Author: Dana A. Freiburger

Title: Hantaro Nagaoka and the Spectroscope

Abstract: Hantaro Nagaoka became the foremost Japanese professor of modern physics during the early 20th-century and was best known for his Saturnian model of the atom first proposed in 1903. Nagaoka pursued his theoretical model as a tool to account for line and band spectra, the interactions of atoms, radioactivity, and other phenomena. However, Nagaoka abandoned the model a few years later when the research of J. J. Thomson determined a fatal flaw. As a result, Nagaoka turned to spectroscopy in order to understand the arrangement of electrons in the atom.

Most histories of modern physics stop at this juncture where they speak well of Nagaoka for his work on an atomic model while faulting him for basing his model on obsolete classical physics. In consequence, twenty years of Nagaoka's spectroscopy research remains largely unexamined.

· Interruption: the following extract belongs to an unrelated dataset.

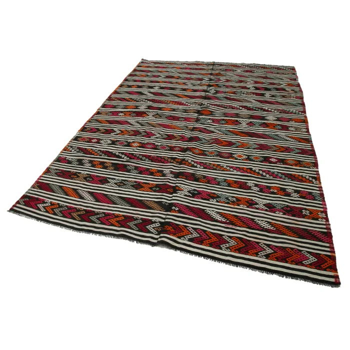 Vintage Cicim Rug is 194 cm wide, 292 cm long, 5 mm thick, and weighs an average of 12 kg. It is made of hand-spun 100% Organic Wool and Bristle. Root dye obtained naturally is used. / Vintage Cecim kilims are on 194 cm widht and 292 cm lenght and the pile height is 5mm, the approximate weight of the rug is 12 kg. It's 100% handknotted wool and goat hair rug. It's made from the natural dye.
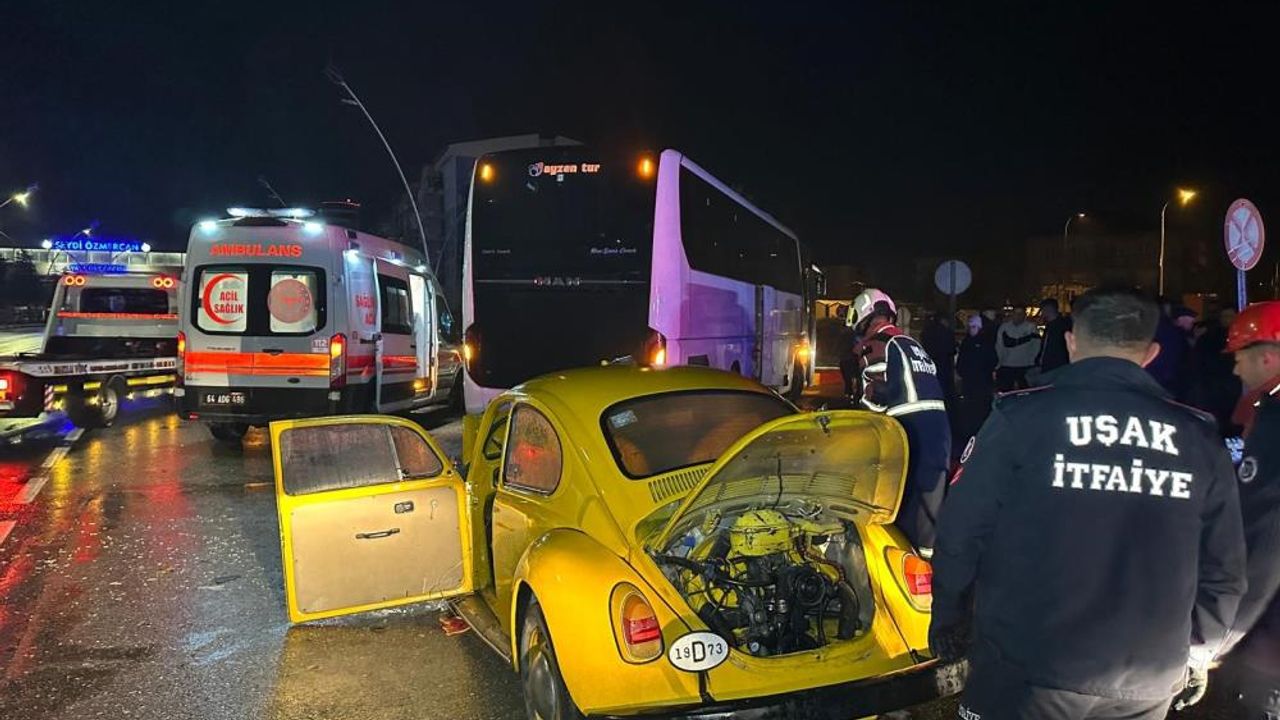 Kaza, Uşak merkeze bağlı Durak Mahallesi Gazi Bulvarı ile aynı mahalleye bağlı Günsazak Caddesi'nin kesişiminde meydana geldi. Edinilen bilgilere göre, Gazi Bulvarı üzerinde seyir halinde olan M.A. (36) idaresindeki 34 CVG 008 plakalı otomobil ile Gazi Bulvarı'ndan Günsazak Caddesi'ne dönüş yapmak isteyen A.Ç. (27) yönetimindeki 34 VTT 39 plakalı sanatçı orkestrasını taşıyan otobüs çarpıştı.

Using the sources available to me, I want to explore fresh perspectives on Nagaoka's work with the spectroscope. Specifically, how much of Nagaoka's research related to a pursuit of creating new knowledge in physics compared to his desired for having Japan close the gap with Western physics research? How much of his work concerned his views for the underlying structure of an atom versus establishing an experimental and theoretical research tradition in physics for Japan? Can examination of the spectroscopic instruments used by Nagaoka during this time help locate the real purpose of his work, especially given his shift from theoretical atomic models to direct physical research using the spectroscope?

Nagaoka played a crucial role in the development of a sustained and credible research tradition in Japan during the early 20th-century. Less than 100 years after the Meiji Restoration in 1868, original research in theoretical physics resulted in Hideki Yukawa winning the Nobel Prize for Physics in 1949, an event firmly placing Japan in the advanced ranks of physics research. How to view Nagaoka and his spectroscopic research in these developments is the goal of my paper.